*TASK TO COMPLETE*. Repeat the data below exactly, dropping any pictures it holds.

----------------------------------------

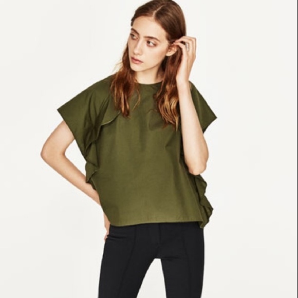 Zara Olive Ruffle Top
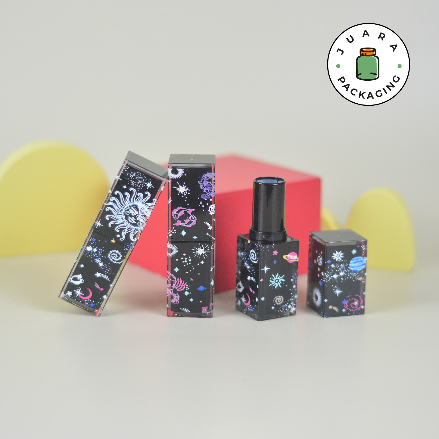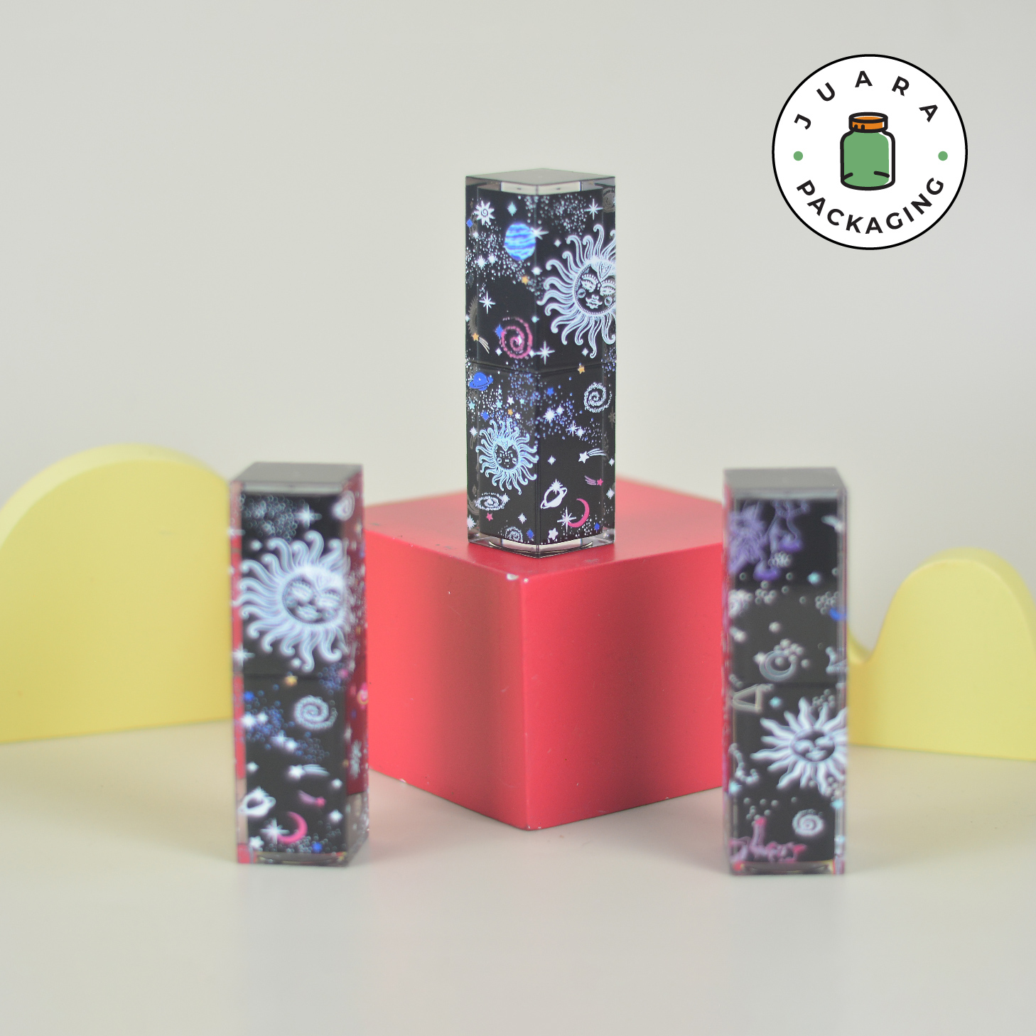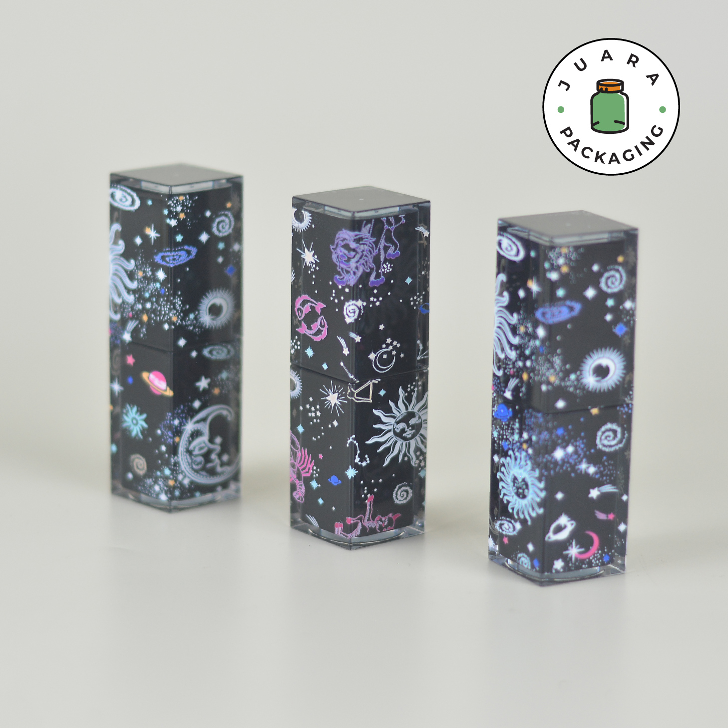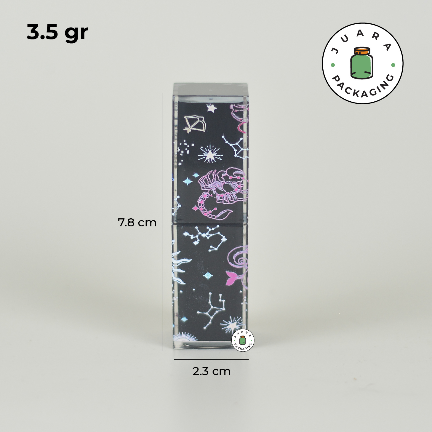Kemasan lipstick dan lipbalm akrilik premium 3.5 gr dengan desain motif rasi bintang (zodiac) yang elegan dan modern. Cocok untuk kamu yang ingin membuat produk kosmetik handmade atau brand sendiri dengan tampilan eksklusif.
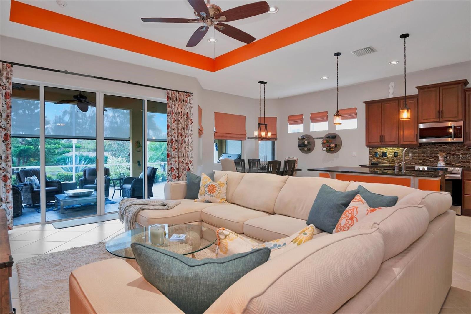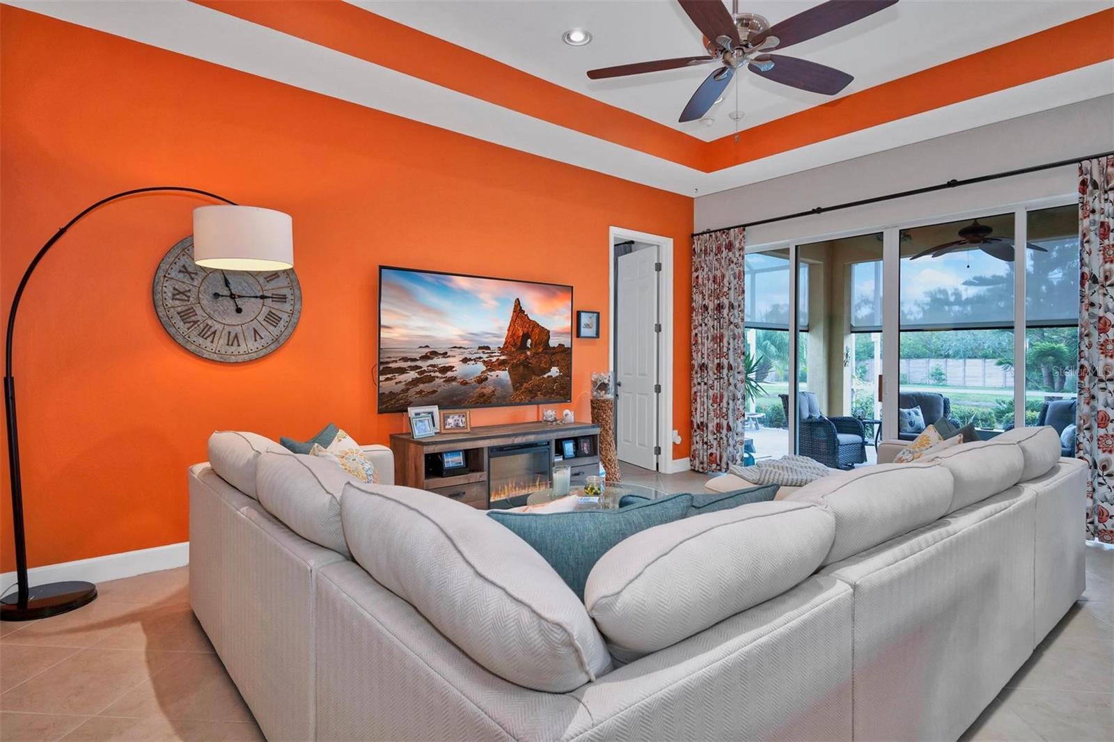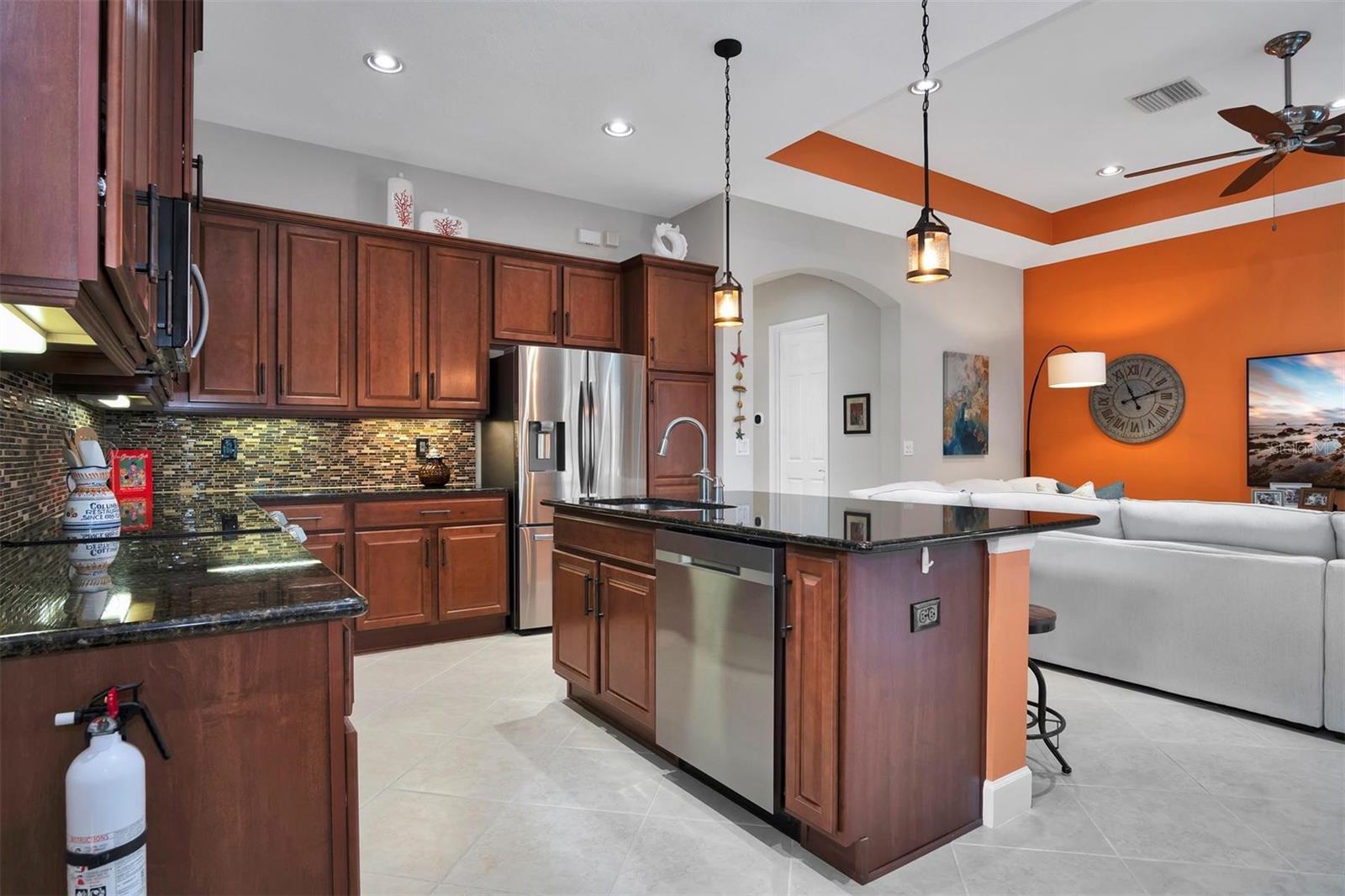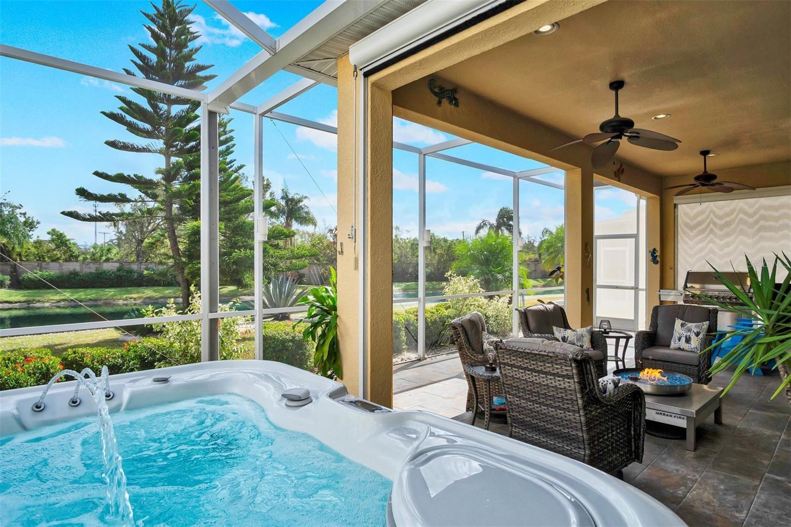 HIGHLY MOTIVATED SELLER willing to sell as Turn Key.. Put this home as a must see. This St James model HAS BEEN METICULOUSLY Maintained, and features MANY UPGRADES INCLUDING : An extended 238 sq foot rear lanai, Attractive slate looking tile covering in the front screened in porch and the rear lanai, Top of the line hot tub, lighting and fixtures, the Main living areas were recently painted, Newer appliances, Hunter ceiling fans, Custom drapery for all windows, Plenty of overhead garage storage space. You have to see for yourself! Upon arriving the manicured landscaping, custom painted driveway add to the curb appeal. As you enter the home YOU WILL BE GREETED by a large open floor plan with high ceilings, this HOME has 2 bedrooms and a large office/den that could be converted into a 3rd bedroom! A gourmet kitchen featuring new Samsung stainless steel appliances, granite counter tops, large island with bar seating and cabinets for plenty of storage. Open to the kitchen you will find a large dining and living area which is great for entertaining or to just comfortable living! The large owners suite offers plenty of natural light, views of the beautiful pond and fountains and a huge en-suite bathroom. This en-suite bathroom has granite counter tops, dual sinks, a vanity sitting area, large walk-in closet, private water closet, and a large walk-in shower. Providing the perfect amount of privacy, a pocket door entry way leads your guest to their own suite and guest bathroom. The laundry features, significant cabinetry space and granite counter tops for all your folding needs. Onto one of the outstanding features this home is the extended screened in lanai with unique privacy screens that not only give you ample amount of privacy, but keeps the rain out . Sit back, relax enjoy the jetted hot tub and water views . Enjoy exclusive membership to Club Links Renaissance club. The 4200 square foot Club Renaissance with Spa Celeste, state-of-the-art fitness center, indoor walking track, beautiful resort style heated outdoor pool, the amenities within and exceptional dining, lounge and pro shop. It is just a short drive to airports, shopping/outlet malls, beaches, theme parks, and dining. MUST SEE and you will not be disappointed.
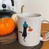 Hazel (the Halloween bird) is dressed up as a witch with her familiar black cat (kinda ironic, right?) posing for a picture before heading out to trick or treat on this cute mug.
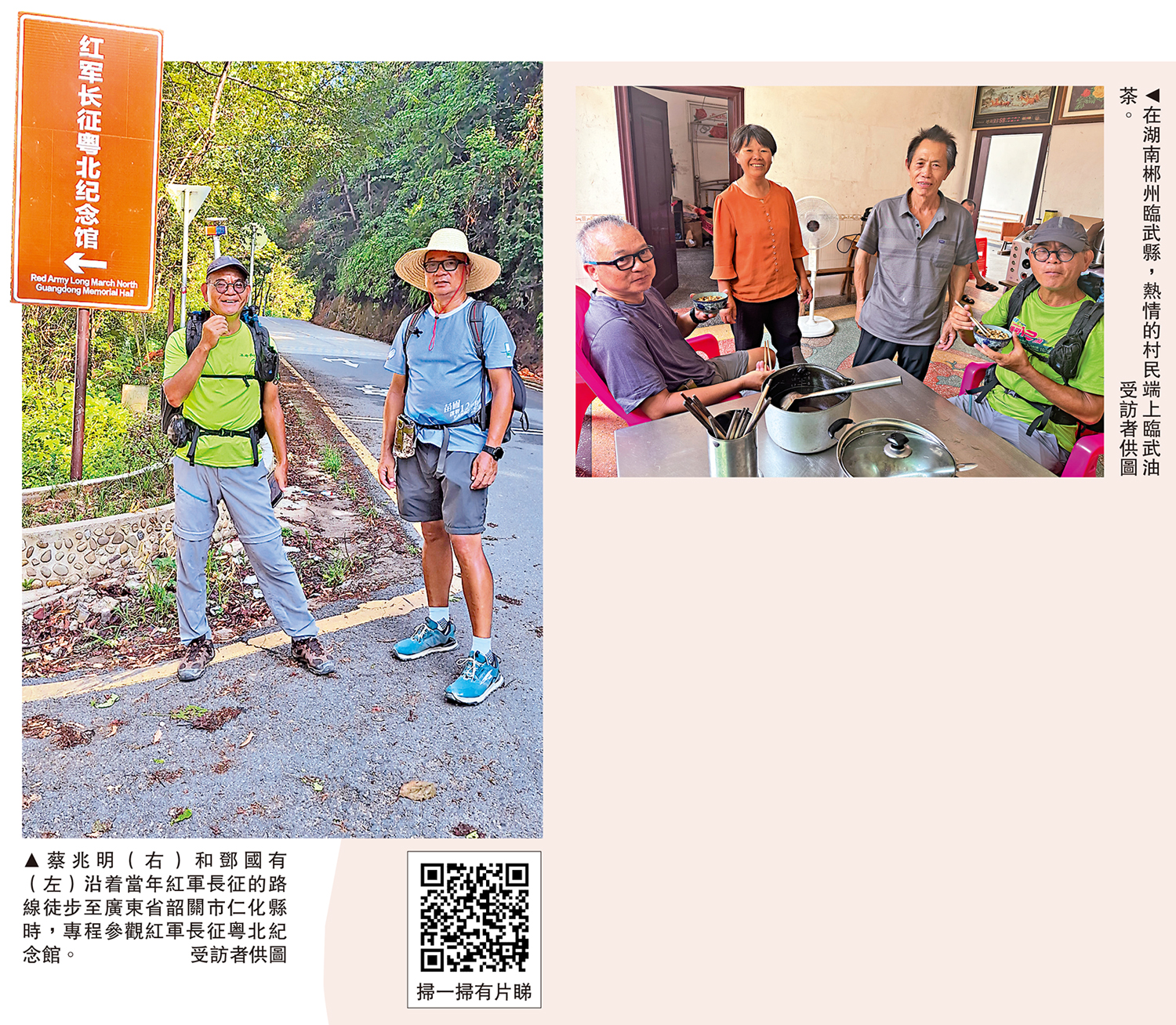 (大公報 記者 李暢、蘇雨潤、凱雷)今年7月1日,兩位年逾六旬的香港大叔─蔡兆明和鄧國有,從江西省瑞金市啟程,踏上重走長征路的旅程,以此獻禮新中國成立75周年與紅軍長征出發90周年。他們計劃用八個月的時間,沿着當年中央主力紅軍長征的路線,徒步8000公里,到達陝西省吳起縣。在重溫當年紅軍艱苦卓絕的奮鬥經歷的同時,傳遞他們所鍾情的「苗圃行動」公益精神。
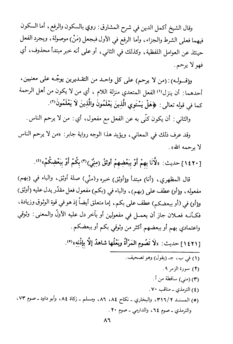 وقال الشيخ أكمل الدين في شرح المشارق: روي بالسكون والرفع، أما السكون فيهما فعلى الشرط والجزاء، وأما الرفع في الأول فبجعل (من) موصولة، ويجرد الفعل حينئذ عن العوامل اللفظية، وكذلك في الثاني، أو على أنه خبر مبتدأ محذوف، أي فهو لا يرحم.

----------------------------------------

*REPLY*.
 Zara Olive Ruffle Top
Kemasan lipstick dan lipbalm akrilik premium 3.5 gr dengan desain motif rasi bintang (zodiac) yang elegan dan modern. Cocok untuk kamu yang ingin membuat produk kosmetik handmade atau brand sendiri dengan tampilan eksklusif.
 HIGHLY MOTIVATED SELLER willing to sell as Turn Key.. Put this home as a must see. This St James model HAS BEEN METICULOUSLY Maintained, and features MANY UPGRADES INCLUDING : An extended 238 sq foot rear lanai, Attractive slate looking tile covering in the front screened in porch and the rear lanai, Top of the line hot tub, lighting and fixtures, the Main living areas were recently painted, Newer appliances, Hunter ceiling fans, Custom drapery for all windows, Plenty of overhead garage storage space. You have to see for yourself! Upon arriving the manicured landscaping, custom painted driveway add to the curb appeal. As you enter the home YOU WILL BE GREETED by a large open floor plan with high ceilings, this HOME has 2 bedrooms and a large office/den that could be converted into a 3rd bedroom! A gourmet kitchen featuring new Samsung stainless steel appliances, granite counter tops, large island with bar seating and cabinets for plenty of storage. Open to the kitchen you will find a large dining and living area which is great for entertaining or to just comfortable living! The large owners suite offers plenty of natural light, views of the beautiful pond and fountains and a huge en-suite bathroom. This en-suite bathroom has granite counter tops, dual sinks, a vanity sitting area, large walk-in closet, private water closet, and a large walk-in shower. Providing the perfect amount of privacy, a pocket door entry way leads your guest to their own suite and guest bathroom. The laundry features, significant cabinetry space and granite counter tops for all your folding needs. Onto one of the outstanding features this home is the extended screened in lanai with unique privacy screens that not only give you ample amount of privacy, but keeps the rain out . Sit back, relax enjoy the jetted hot tub and water views . Enjoy exclusive membership to Club Links Renaissance club. The 4200 square foot Club Renaissance with Spa Celeste, state-of-the-art fitness center, indoor walking track, beautiful resort style heated outdoor pool, the amenities within and exceptional dining, lounge and pro shop. It is just a short drive to airports, shopping/outlet malls, beaches, theme parks, and dining. MUST SEE and you will not be disappointed.
 Hazel (the Halloween bird) is dressed up as a witch with her familiar black cat (kinda ironic, right?) posing for a picture before heading out to trick or treat on this cute mug.
 (大公報 記者 李暢、蘇雨潤、凱雷)今年7月1日,兩位年逾六旬的香港大叔─蔡兆明和鄧國有,從江西省瑞金市啟程,踏上重走長征路的旅程,以此獻禮新中國成立75周年與紅軍長征出發90周年。他們計劃用八個月的時間,沿着當年中央主力紅軍長征的路線,徒步8000公里,到達陝西省吳起縣。在重溫當年紅軍艱苦卓絕的奮鬥經歷的同時,傳遞他們所鍾情的「苗圃行動」公益精神。
 وقال الشيخ أكمل الدين في شرح المشارق: روي بالسكون والرفع، أما السكون فيهما فعلى الشرط والجزاء، وأما الرفع في الأول فبجعل (من) موصولة، ويجرد الفعل حينئذ عن العوامل اللفظية، وكذلك في الثاني، أو على أنه خبر مبتدأ محذوف، أي فهو لا يرحم.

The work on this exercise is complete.